Kubernetes on bluefield 2

I have been working on setting up workers nodes (through K8s and K3s) on the bluefield 2 cards (Ubuntu 20.04) and so far I have had had no success. Major issues include faulty kubelet status (loaded, but not active), bus error while downloading packages, etc.
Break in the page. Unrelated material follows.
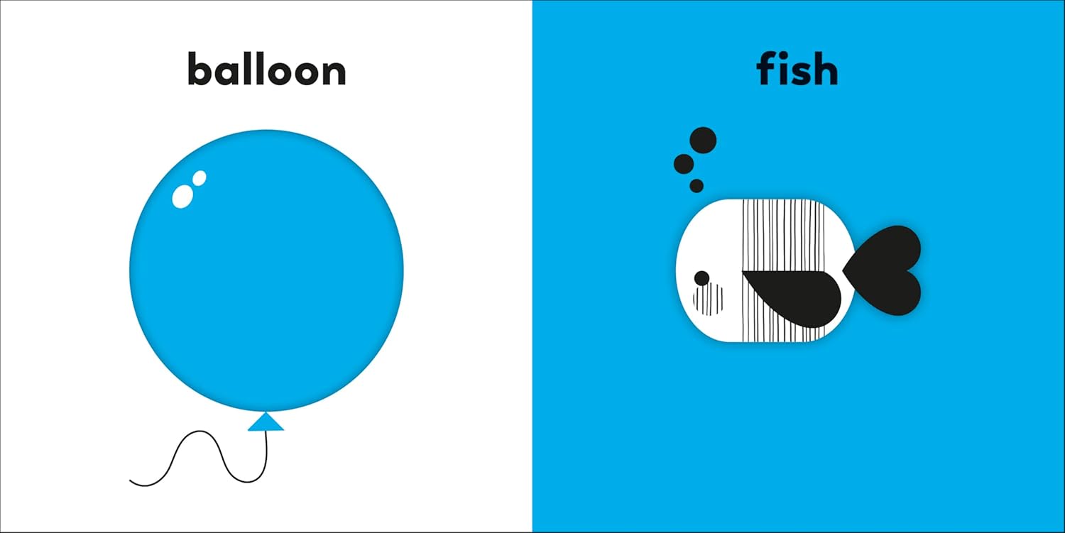 Filled with features to stimulate a baby’s senses, this high-contrast black, white, and blue book is full of raised pictures to touch, a peep-through cover, and a mirror.

Anyone here who has successfully brought a heterogeneous cluster (x86/aarch64) using bluefield 2? If so, please let me know. Thanks.

Hey Vivek, could you share with us some more details about these errors? Are there any logs or errors or failures you can share about that faulty kubelet status?
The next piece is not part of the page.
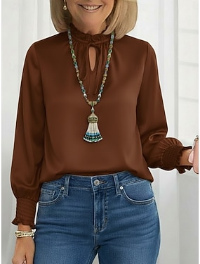 Mulheres Camisa Social Blusa Franzido Tecido Elegante Ativo Manga Longa Gola Redonda Tops regulares Ao ar livre Feriado Para Noite Marron Verde Verão Primavera

Can you also share the console/terminal output of the bus error that you see while downloading packages?

Thanks!

Hi Justin, we have trouble setting up a K8 worker node on bluefield2.
The main problem is that curl and wget commands do not work on Bluefield 2 as explained here

I wonder if you have any solution for that?

Hi,
Regarding the wget/curl issue, if IPSEC isn’t used/needed, you can change the default OpenSSL behavior for the entire DPU, and it will workaround the current OpenSSL bug.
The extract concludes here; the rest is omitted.